Regarding a definition of volatile, I would refer you to the CUDA programming guide. I have seen summary descriptions referring to this as preventing a register optimization or preventing reordering of loads and stores. I prefer the former and will use that as a working definition.
The basic idea is that volatile forces any reference (read or write) to that variable to actually go to the memory subsystem. By this I mean it will perform a read or write, and will not attempt to use a value previously loaded into a register. Without this qualifier, the compiler is free to load a value once (for example) from the actual memory location, and then maintain that value (and any updates to it) in a register, for as long as it deems appropriate. Compilers do this with an eye toward performance. (As an aside, note that you used the word "cache" here. I would avoid that usage here. Shared memory has no cache interposed between it and the processor load/store mechanism.)
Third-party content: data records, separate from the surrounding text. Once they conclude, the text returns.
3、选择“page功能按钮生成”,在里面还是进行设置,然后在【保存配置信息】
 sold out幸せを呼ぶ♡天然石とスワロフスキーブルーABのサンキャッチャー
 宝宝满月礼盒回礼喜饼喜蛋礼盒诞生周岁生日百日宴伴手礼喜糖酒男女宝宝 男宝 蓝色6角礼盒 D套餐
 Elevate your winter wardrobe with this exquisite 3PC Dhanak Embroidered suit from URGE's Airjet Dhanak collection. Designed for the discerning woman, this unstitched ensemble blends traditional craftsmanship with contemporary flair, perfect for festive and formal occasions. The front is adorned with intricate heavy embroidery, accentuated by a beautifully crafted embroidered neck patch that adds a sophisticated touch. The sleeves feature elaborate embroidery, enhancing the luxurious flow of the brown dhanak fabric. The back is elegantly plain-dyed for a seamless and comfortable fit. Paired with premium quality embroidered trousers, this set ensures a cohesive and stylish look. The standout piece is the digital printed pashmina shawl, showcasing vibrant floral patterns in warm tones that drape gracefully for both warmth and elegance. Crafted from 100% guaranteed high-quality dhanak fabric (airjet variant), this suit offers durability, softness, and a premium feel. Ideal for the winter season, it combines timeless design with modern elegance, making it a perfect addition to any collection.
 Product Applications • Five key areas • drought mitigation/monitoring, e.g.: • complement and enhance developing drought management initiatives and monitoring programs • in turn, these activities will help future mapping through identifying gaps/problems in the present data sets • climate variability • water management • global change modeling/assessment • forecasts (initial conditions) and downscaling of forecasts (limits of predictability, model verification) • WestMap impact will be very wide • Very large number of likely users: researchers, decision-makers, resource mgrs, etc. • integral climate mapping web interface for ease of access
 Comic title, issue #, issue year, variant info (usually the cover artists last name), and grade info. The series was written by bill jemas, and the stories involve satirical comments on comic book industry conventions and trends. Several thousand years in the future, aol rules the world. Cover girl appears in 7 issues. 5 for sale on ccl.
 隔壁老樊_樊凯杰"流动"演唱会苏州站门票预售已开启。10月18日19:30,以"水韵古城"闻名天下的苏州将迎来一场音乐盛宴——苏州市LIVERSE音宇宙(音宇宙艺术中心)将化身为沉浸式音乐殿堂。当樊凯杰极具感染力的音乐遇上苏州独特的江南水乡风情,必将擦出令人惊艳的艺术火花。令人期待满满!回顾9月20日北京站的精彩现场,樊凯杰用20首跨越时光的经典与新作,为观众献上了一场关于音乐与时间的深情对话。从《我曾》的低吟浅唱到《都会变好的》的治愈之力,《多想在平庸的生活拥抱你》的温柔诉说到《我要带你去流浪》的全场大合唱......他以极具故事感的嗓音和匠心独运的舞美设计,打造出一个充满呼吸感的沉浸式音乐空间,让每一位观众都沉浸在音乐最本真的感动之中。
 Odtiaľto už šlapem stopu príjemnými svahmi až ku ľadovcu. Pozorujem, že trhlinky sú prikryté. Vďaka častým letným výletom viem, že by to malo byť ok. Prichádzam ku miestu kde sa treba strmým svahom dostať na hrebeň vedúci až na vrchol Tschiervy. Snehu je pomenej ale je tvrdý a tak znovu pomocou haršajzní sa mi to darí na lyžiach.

Without volatile in this type of warp-synchronous coding, we will run into a problem if we allow the compiler to "optimize" (i.e. maintain) intermediate values into registers. This primarily comes about due to inter-thread communication. To see clearly why, let's look at the last 2 steps in your final reduction:
d[tid] += d[tid + 2];
d[tid] += d[tid + 1];
Let's consider just threads whose tid values are 0-1. In the second-last step, thread 0 will pick up the d[2] value and add it to the d[0] value, while thread 1 will pick up the d[3] value and add it to the d[1] value. At this point, if we don't use volatile, the compiler is not obligated to write the d[1] value accumulated by thread 1 back out to shared memory. It is allowed to maintain that in a register. So the d[1] value as seen in shared memory is not "up-to-date".
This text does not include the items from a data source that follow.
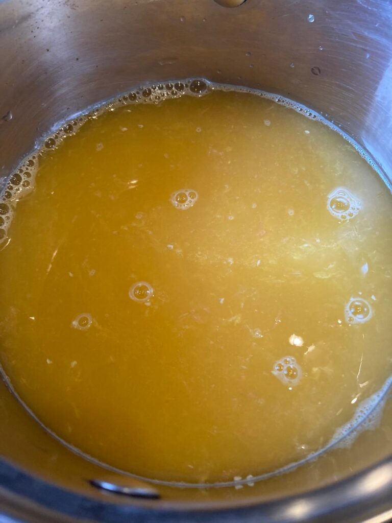 - В кастрюльку вливаем 100 мл воды, в воду всыпаем 2 ч.л. агар-агара и 100 г сахара (количество сахара можно варьировать, если хочется послаще – увеличьте количества сахара, покислее – уменьшите). Ставим кастрюльку на огонь, чтоб агар-агар и сахар растворились, но не доводим до кипения! В получившийся сироп вливаем апельсиновый сок. Доводим до кипения и, на слабом огне, провариваем получившуюся смесь 2-3 минуты, постоянно помешивая и не допуская бурного кипения. Выключаем огонь и разливаем смесь по формам, в формы, при желании, можно добавить кусочки различных фруктов или ягод. Апельсиновое желе с агар-агаром готово. Формы отставляем остывать при комнатной температуре. После остывания желе можно кушать, а оставшееся желе, можно убрать в холодильник.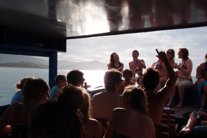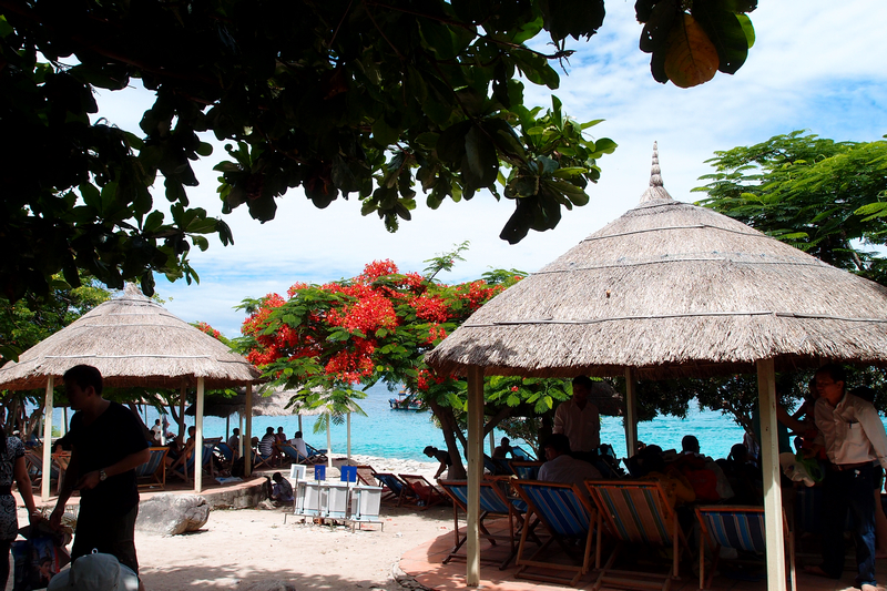 结果,没几分钟我们就上了四人一条的小木船,“功夫”亲自划船,可恨地挡住了我们拍照的视野!!!划了大约15分钟,我们便登上一座清幽的绿岛 ,椰林树影,准备午饭。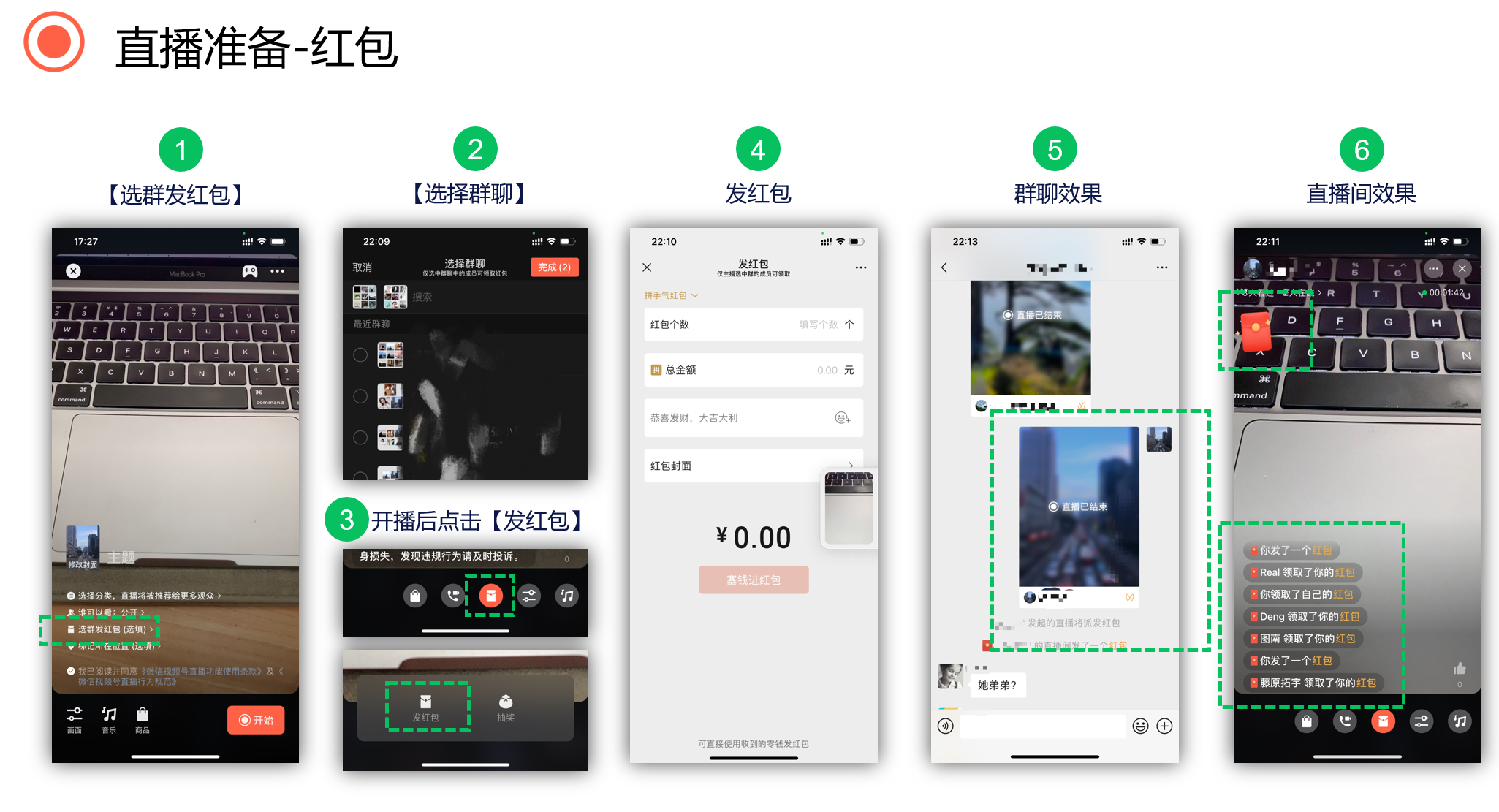 直播红包:你可以选择5个群进行关联,点击发放红包后,群里面用户可以进入直播间进行抢红包;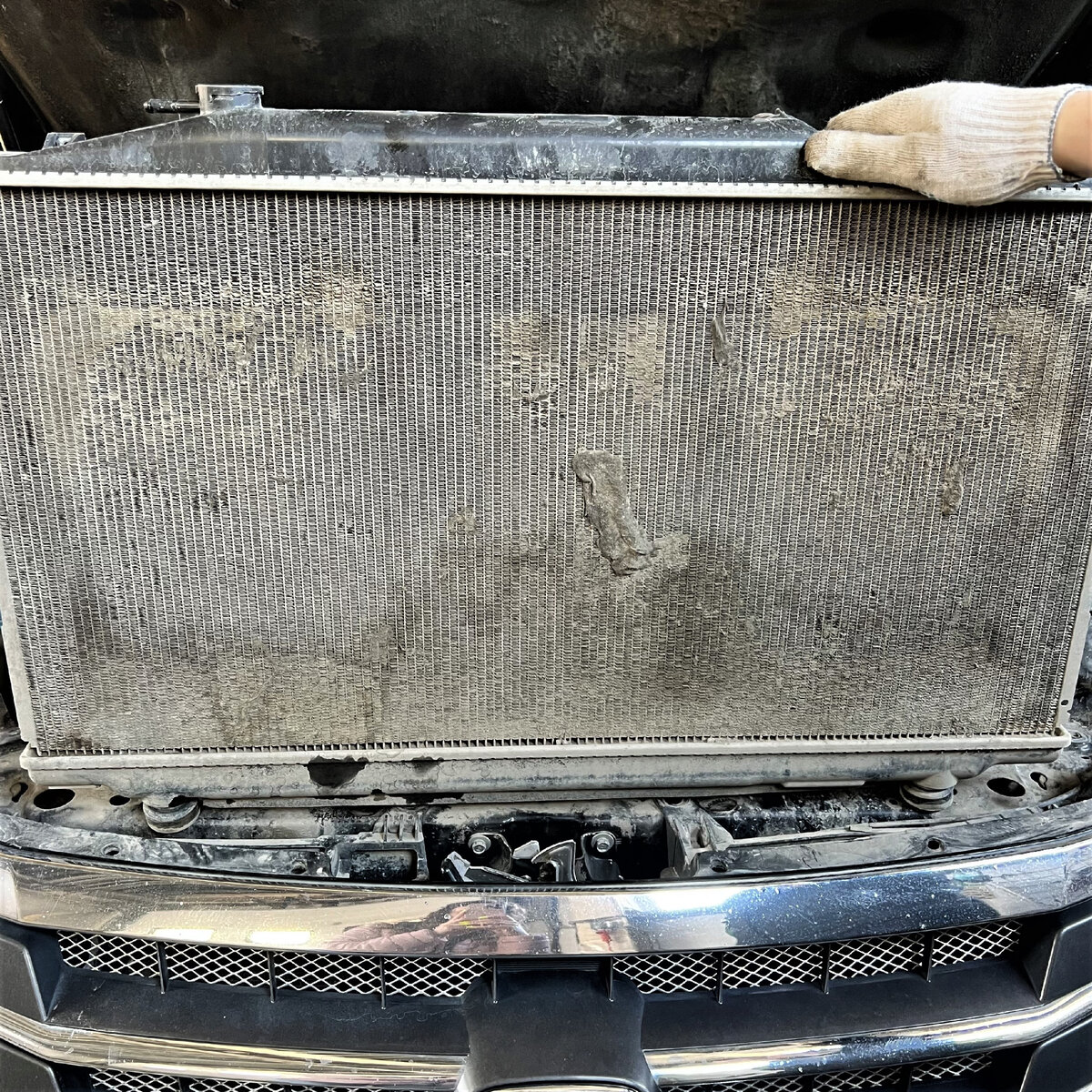 Автомобиль Honda Crosstour 2011 года выпуска с пробегом свыше 165 000 км. Клиент обратился в наш сервис с жалобой на слишком частое срабатывание вентиляторов системы охлаждения, а также на то, что периодически, во избежание критического повышения температуры охлаждающей жидкости, приходится ездить со включённым отопителем салона. Чаще всего, причиной подобной ситуации является загрязнение радиатора, так как скопление пыли и грязи препятствует эффективному отведению тепла. Произведя демонтаж радиатора, мы убедились в этом. Также загрязнение радиатора охлаждения двигателя негативно сказывается на эффективности работы системы кондиционирования. Это обусловлено особенностью расположения элементов системы охлаждения - радиатор кондиционера находится перед основным радиатором, а вентиляторы за радиатором. При загрязнённом радиаторе охлаждения двигателя вентиляторы не могут обеспечить необходимый поток воздуха для эффективного охлаждения радиатора системы кондиционирования. Для восстановлен

Now lets go to the last step. In this step, thread 0 reads the d[1] value from shared memory and adds it to the d[0] value. But without volatile, we saw in the previous step that the shared memory contents of d[1] are no longer accurate. OTOH, if we use volatile, then the write to shared memory in the previous step will actually take place, and in the final step, thread 0 will pick up the correct value when it reads d[1]. A CUDA thread is a standalone model. By that, I mean that one thread cannot directly access values contained in registers belonging to another thread. So inter-thread communication at the warp level will normally be accomplished either through shared memory, or via warp-shuffle operations.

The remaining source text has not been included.